Common variants in the genes encoding leptin gene and the leptin receptor have been shown to be associated with BMI and obesity in several populations.^71–74 For example, adiponectin, a hormone that plays a key role in regulation of glucose and fatty acids⁷⁵ and has reduced levels in obesity and type 2 diabetes,⁷⁶ has been found to be genetically associated with these diseases around the world.^77–81 In addition, association studies of various nominated candidate genes have also implicated the genes encoding such factors as the cannabinoid receptor 1 (CNR1), dopamine receptor 2 (DRD2), serotonin receptor 2C (HTR2C), and SLC6A4,^82–86 but the most replicated of them is the Pro12Ala substitution in the peroxisome proliferator-activated receptor-gamma(PPARγ) gene, which has been extensively associated with both obesity⁸⁷ and type 2 diabetes.⁸⁸ These studies support the conclusion that obesity is a complex disease influenced by many genes with small effect size; thus there is a great need for nonhypothesis genome wide approaches.

Initial GWAS approaches: uncovering the fat mass and obesity-associated gene

To date, family-based linkage analyses have had limited success in identifying genes contributing to obesity due to a number of reasons, including the issue of bandwidth, where this approach is generally poor at detecting common genetic variants that confer only modest risk.^89,90 The candidate gene association study is limited to known biological mechanisms (as described above) so in order to uncover novel loci contributing to the pathogenesis of the trait, one requires a more global and nonhypothesis approach.

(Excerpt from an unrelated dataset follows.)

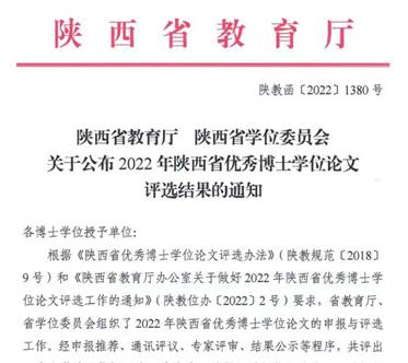 近日,陕西省教育厅和中国电子学会正式公布了2022年度优秀博士(硕士)学位论文评选结果,51吃瓜

The GWAS approach is a high-throughput methodology that allows geneticists to scan a dense set of single nucleotide polymorphism (SNP) makers (∼0.1–5 million SNPs) spanning across the entire human genome in an unbiased manner, using powerful statistical methods to study associations between a given disease phenotype and a representation of all common variation in the genome. These SNPs are by no means considered causal; rather they operate as tag-SNPs that capture the common haplotypic variation in a given region of the human genome. If a given tag-SNP is associated with a particular trait, it signifies a region of typically a few hundred kilobases where a causative variant should reside. The success of the GWAS approach was made possible by the HapMap project, a large-scale effort that has extensively characterized human sequence variation,^89–91 in addition to the development of high-density genotyping arrays,^92,93 which allow one to score the alleles for a large number of SNPs in parallel across the genome.^94,95

Owing to the non-hypothesis-driven nature of GWAS, this technique can be used to uncover new insights into the biology of a given phenotype without any prior knowledge of function; that is, one simply starts with a blank canvas and the genetics leads to the most strongly associated regions of the genome. GWAS have turned out to be a very successful approach, with many new loci implicated in complex traits; most crucially, once robust associations are detected, there is general consensus among fellow researchers—a situation that sharply contrasts with that in the candidate and linkage analysis eras (see the continually updated NIH Catalog of Published Genome-Wide Association Studies at http://www.genome.gov/gwastudies).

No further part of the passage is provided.